4) install the distro, doing the necessary partitioning if the entire HD wasn't given to Linux.

In spite of those steps, Linux use grew through the last decade. It was 3% in 2003 according to IDC, who predicted 6% in 2006. That must have been accurate because Ballmer himself reported that the Linux desktop market share was around 12% in 2009, at the height of the VISTA fiasco. Now, governments, military and businesses are moving to Linux en masse', and yet FEW of the PC OEMS are, as of yet, offering Linux preinstalled. Only HP is offering a single model as an enterprise workstation, not a consumer desktop. ALL of these movents to Linux are because folks are using the four steps mentioned above. THAT, alone, shows the demand for Linux is real and palpable. Linux does not have an "Accounts Receivable" from which it can draw ad money to promote Linux. So, websites, magazines and news media are careful not to offend Microsoft with many pro Linux stories for fear of having their "air supply", and hence payroll, cut off. But, despite the roadblocks of the past Linux moved around them and continued to grow. The EUFI is nothing less than an attempt to use a "shotgun", pellets hitting multiple targets at a time, to stop Linux. The EUFI attempts to block Linux at the hardware and software level across the market.

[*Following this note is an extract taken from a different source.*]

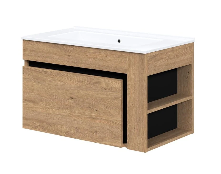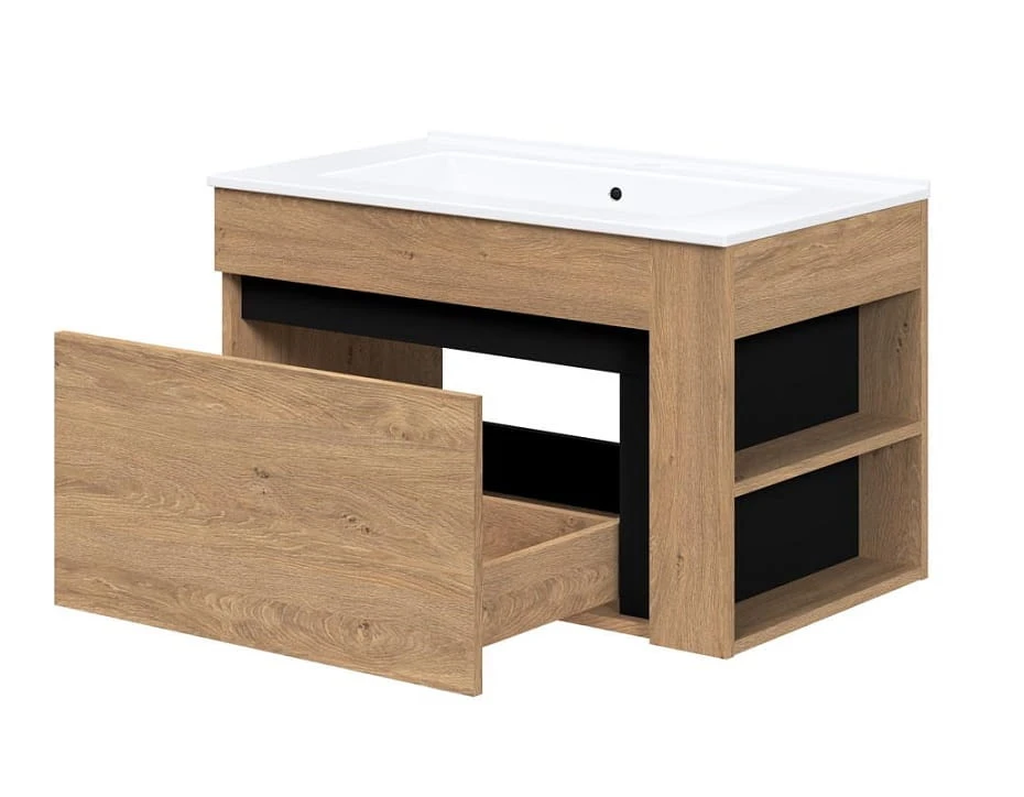 Odkryj nowy wymiar komfortu i stylu w Twojej łazience z wisząca szafką pod umywalkę Desog. Ten niezwykły mebel, łączący w sobie nowoczesny design z ponadczasową funkcjonalnością, stanie się prawdziwą ozdobą Twojego wnętrza, jednocześnie zapewniając praktyczne rozwiązania na co dzień. Szafka Desog, wykonana w ciepłym odcieniu dębu złotego z subtelnymi czarnymi akcentami, idealnie wpasuje się zarówno w nowoczesne, jak i klasyczne aranżacje. Ta uniwersalna kolorystyka sprawia, że mebel z łatwością zharmonizuje się z różnorodnymi stylami wykończenia łazienki, dodając jej eleganckiego charakteru.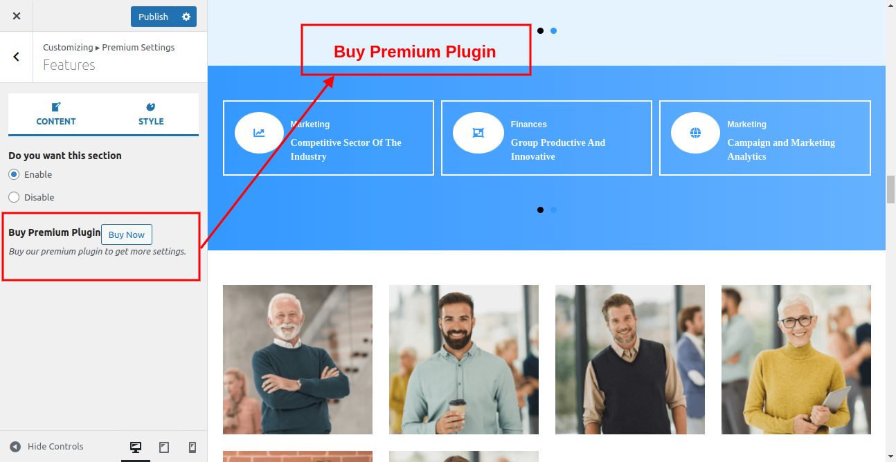 Go to Appearance >> Customize >> Theme Settings >> Our Feature

As the PC market share declines OEMs who haven't begun making smartphones, which is most of them, will be hard-pressed to sustain a profit in the declining market. They'll want to maximize the monetary benefits they can get from kneeling to Microsoft's demands. Microsoft will want the EUFI to be as locked down as possible, and Microsoft will punish those OEMs who do give PK certificates to Linux distro makers and make Linux drivers for their peripherals. That is why the FIRST OEM who breaks their chains and escapes from the Microsoft plantation by offering a PC which offers either CoreBook or is sold naked will reap rewards. Exactly when and with what vendor this will occur depends on the duration of their legal agreements with Microsoft. It will be tough move. More than likely it will be a 3rd tier vendor like System76.

This is my point. I purchased a netbook from system76 a year ago for my mom. I did this because I wanted the smoothest linux experience possible for her. Unfortunately, power management had a bug and was a major pain. Of course, I let system76 know in their sub-forum on the ubuntu forum. I was thinking "this is why I bought it from a vendor". They will look into it and have a fix in the repo in a timely manner. They didn't. Of course I can come up with a work around, but my mom can't. I don't mean to rant...I just think it is stupid to have all these developer resources working on GUI fluff, meanwhile I don't have the full capability of my hardware. It doesn't matter how pretty anything is, if my wireless network, my power management, graphics driver or "whatever" doesn't work. It is time to stop pissing around with fluff and foster a hardware friendly environment. end rant.